Спасение приходит в виде размышлений о Вере. «Она красивая, умная, — думает Егор, — и любит меня. Если это не так — ужас! Но она меня любит. Я уверен. Уверен? Уверен. Надо кончать эту идиллию: прогулки, вздохи, поцелуи. Мне скоро тридцать, и я хочу всерьез думать о жизни. Я сделаю предложение. Мы поженимся. Пусть будет все как у всех. Пусть будет сын, дом, телевизор, четушка после бани, поездки на юг, беготня на молочную кухню, капризы, мигрень, корь, коклюш, дизентерия. Пусть! Зато все ясно, порядочно, незыблемо. Я хочу этого».

Столь четкие и уверенные размышления действуют на Егора ободряюще, ему представляется, что в дальнейшем он будет поступать, сообразуясь только с ними, и, вполне утешенный, с ясной головой, спокойным сердцем входит он в общежитие.

Витя дома, переодет в пижаму, при настольной лампе возится с ружьем, «ижевкой» двенадцатого калибра.

— Салют, Витя!

— Добрый вечер.

— Может, прибавим люксов? — Егор включает верхний свет, потому что сейчас нельзя терпеть полумрак.

Сцена сватовства продумана до деталей; сначала он скажет: «Все великие истины просты. Поэтому просто: мы должны пожениться». Вера засмеется, а он, лишь снисходительно-ласково улыбнувшись, отойдет к окну и, не поворачиваясь, глуховатым, с хрипотцой голосом сдержанно и точно опишет вечерний лес, свое странное состояние, этот приступ одиночества, после которого он и сделал такое простое, но важное открытие: «Пусть все будет как у всех. Мы обманываем себя, когда думаем, что никого не повторяем, и страшно разочаровываемся, узнав, что кто-то сделал или придумал точно то, что мы. Начинаем мучиться, выкамаривать, жаловаться: «Подержанными вещами пользуемся». А смысл, повторяю, прост: надо как все. Растворимся в море, в океане — чего еще-то? А, Верка?»

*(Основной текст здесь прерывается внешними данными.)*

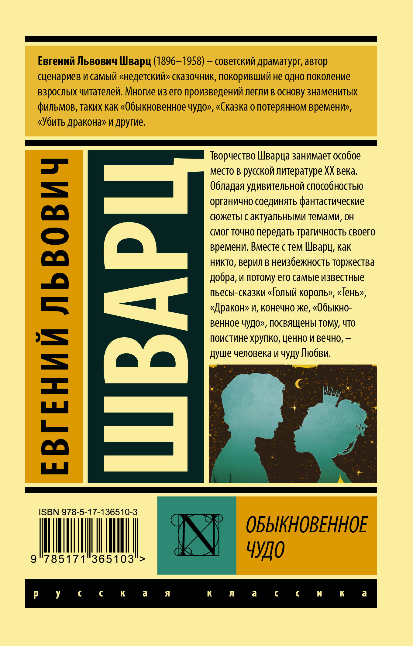 Творчество Шварца занимает особое место в русской литературе ХХ века. Обладая удивительной способностью органично соединять фантастические сюжеты с актуальными темами, он смог точно передать трагичность своего времени. Вместе с тем Шварц, как никто, верил в неизбежность торжества добра, и потому его самые известные пьесы-сказки "Голый король", "Тень", "Дракон" и, конечно же, "Обыкновенное чудо", посвящены тому, что поистине хрупко, ценно и вечно, - душе человека и чуду Любви.| Издательство | ИЗДАТЕЛЬСТВО "АСТ" |
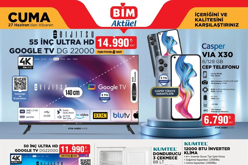 Her hafta Salı ve Cuma günleri için özel olarak hazırlanan BİM aktüel ürünler kataloğunda 27 Haziran Cuma günü raflara gelecek ürünler belli oldu. Sınırlı sayıda mağazaya dağıtılacak ürünler büyük ilgi görmeye aday.
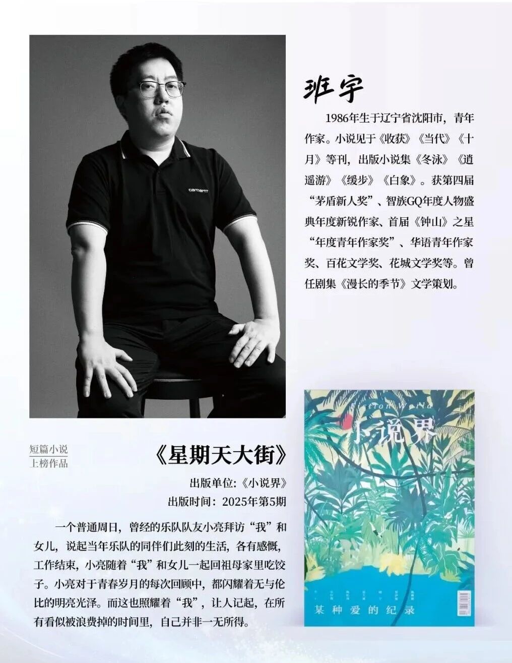 4月16日,首届小说年度风云榜发布。其中,李修文小说《到祁连山去》(首发《长江文艺》2025年第7期 )入选“中篇小说榜”,班宇小说《星期天大街》、陈春成小说《山石》入选“短篇小说榜”。
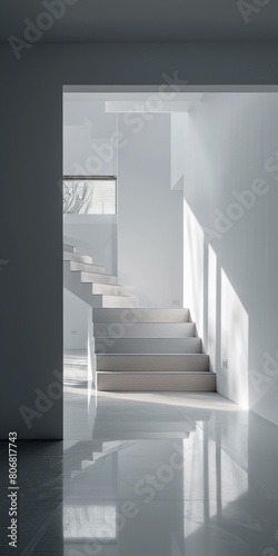 © Molang Visual, Obraz premium Staircase in a modern house with white walls and light wood steps
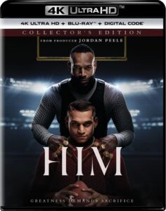 HIM 4K UHD/Blu-Ray (97 mins., 2025, R; Universal): Disappointing, violent supernatural thriller about a college football star hoping to become the next pro prospect. Under the training of his childhood idol (Marlon Wayans), young “Cameron Cade” (Trqie Withers) is able to do just that, but there’s a price to be paid for his sudden rise to football prosperity. Jordan Peele produced Justin Topping’s film, based on a reportedly well-received script by Skip Bronkie and Zack Akers which ends up being told with too heavy a hand in Tipping’s picture. This unappealing brew met with few takers at the box-office and is being fast-tracked to home video by Universal, with their 4K UHD (2.39, Dolby Atmos, Dolby Vision HDR) sporting an alternate ending, a deleted end credits scene, Blu-Ray and Digital HD code.
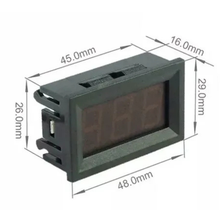 The Digital DC Voltmeter 2-Wire 3-Digit LED Display (5–120V) is a compact and reliable panel meter designed for accurate DC voltage monitoring. With a bright 3-digit LED display and a wide operating voltage range of 9–96V, it delivers clear and precise readings while consuming only 5mA of current. Its small size (48 × 29 × 16 mm) and lightweight design (20g) make it ideal for DIY electronics projects, power supplies, batteries, automotive applications, and control panels. Built to operate in temperatures from -10°C to 65°C, this voltmeter ensures stable performance in various environments.
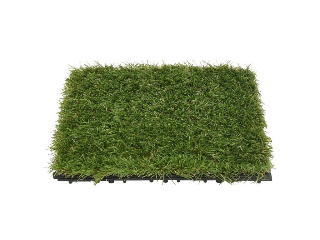 Tato velmi hustá umělá tráva se vzhledem blíží přírodní trávě a dokonale splyne s okolním prostředím. Travnaté dlaždice se velmi snadno spojují praktickým zásuvným systémem. Jsou také velmi měkké a příjemné na dotek. Výstupky na zadní straně zajišťují, že dlaždice zůstanou na svém místě.
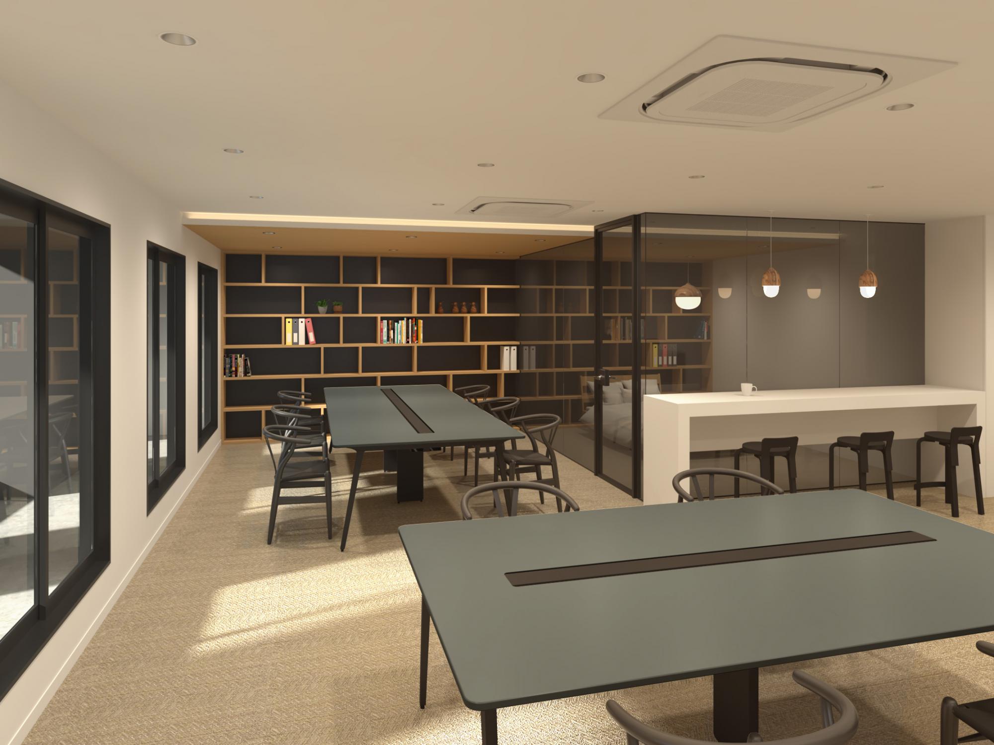 この10階のお部屋だけでなく、地下1階にある共用の会議スペースも予約して使えるんです!
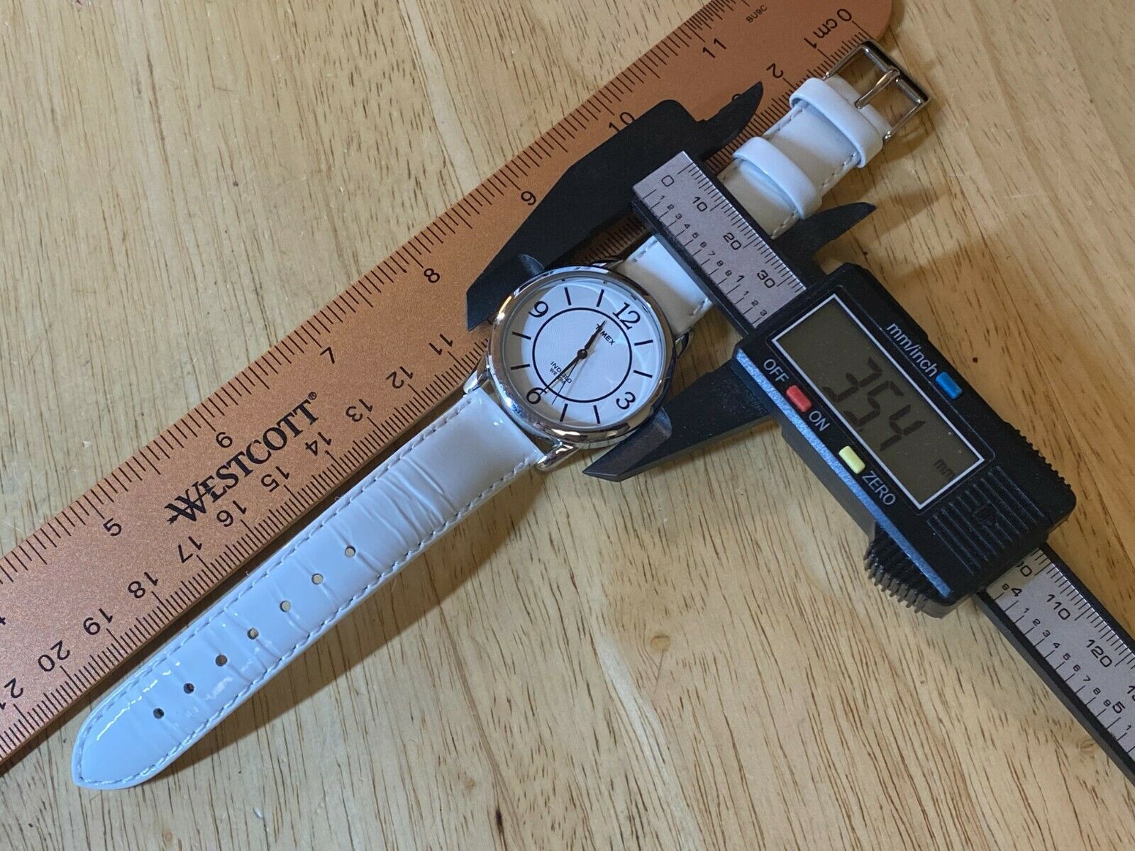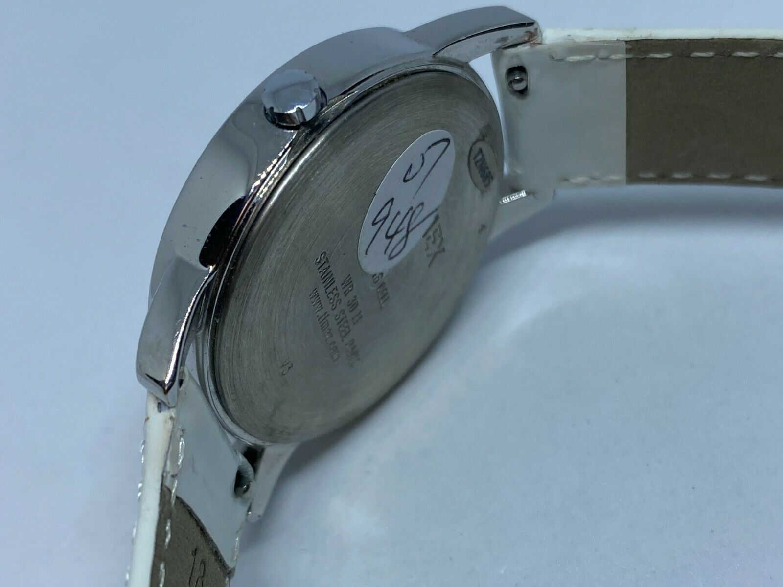 Timex Men Silver White Textured Dial Leather Analog Quartz Watch Hour~New Batter
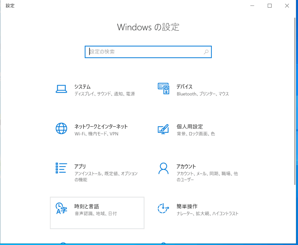 次に設定ウィンドウの時刻と言語をクリックします。
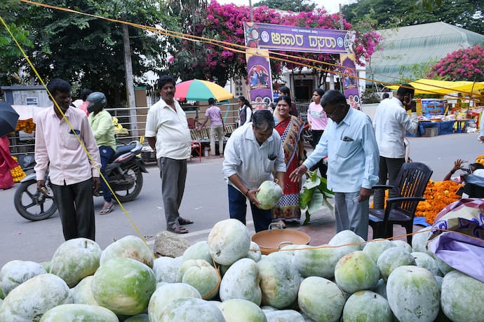 ಶಿವಮೊಗ್ಗ: ನಗರದೆಲ್ಲೆಡೆ ಆಯುಧ ಪೂಜೆ ಮತ್ತು ವಿಜಯದಶಮಿ ಹಬ್ಬದ ಸಂಭ್ರಮ-ಸಡಗರ ಮನೆ ಮಾಡಿದ್ದು, ಆಯುಧ ಪೂಜೆ ಹಿನ್ನೆಲೆ ಮಂಗಳವಾರ ಅಗತ್ಯವಾದ ಹೂವು-ಹಣ್ಣು, ಬೂದ ಗುಂಬಳ ಖರೀದಿ ಜೋರಾಗಿತ್ತು.
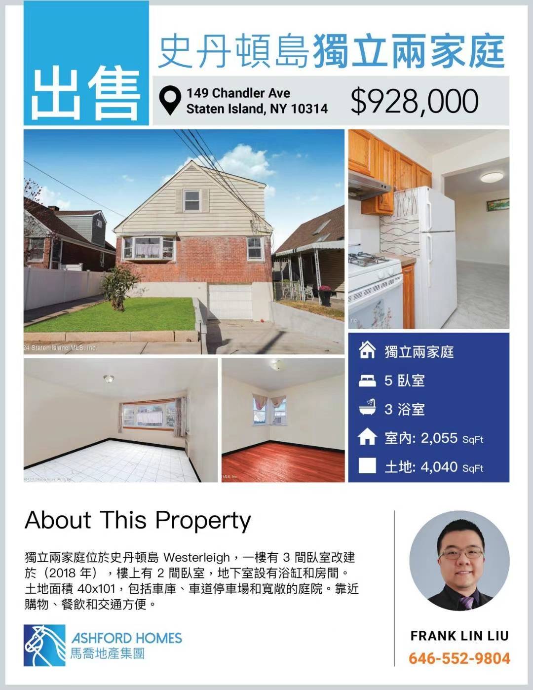 [庆祝]新上市 149 Chandler ave, SI, NY10314[庆祝]💰仅售 $92.8万⛳️5/6 格局 2⃣️家庭 , 18分钟车程到达8大道房:25x47, 地:40x101✅总面积2055尺1楼主家庭3房1卫+地下室2房1卫

— Егор, извини, — говорит Витя, — у тебя пять минут найдется? Понимаешь, мне показалось, ребята не поверили мне. Ну, что я Тамма поддержал. Наверно, подумали: Витя из-за рекомендации постарался. Не хотел, мол, подводить. Все-таки обязан Тамму, тот же в партию рекомендует…

Витя улыбается как-то беззащитно-грустно, видимо, от неловкости, что пришлось отказаться от привычной сдержанности, молчаливости и предстать таким вот уязвимым и сомневающимся. Егор опускается на кровать, трет лоб, не сразу возвращаясь от недавних мечтаний, в которых виделся себе безмятежно-уверенным женихом, к будничному общежитскому вечеру.

— Да что ты! Чепуха какая! — почти машинально восклицает Егор, но, увидев Витину улыбку, глаза его, потеплевшие, ищущие участия и совета, наконец соображает: да это же Витя просит, Витя — черт, молчальник, гордец, товарищ давний. А он все о себе, о себе, все собственную жизнь конструирует, а у Вити кошки на душе скребут, разоткровенничался даже, а старый товарищ пустодумством занимается, драмы сочиняет, уф-ф! — опять подвластен преображению Егор, потому что рядом — человек, с которым вместе пережито столько всякой всячины, что надо немедленно — к чертям! — отправить самого себя, причем с радостным и сладким пылом.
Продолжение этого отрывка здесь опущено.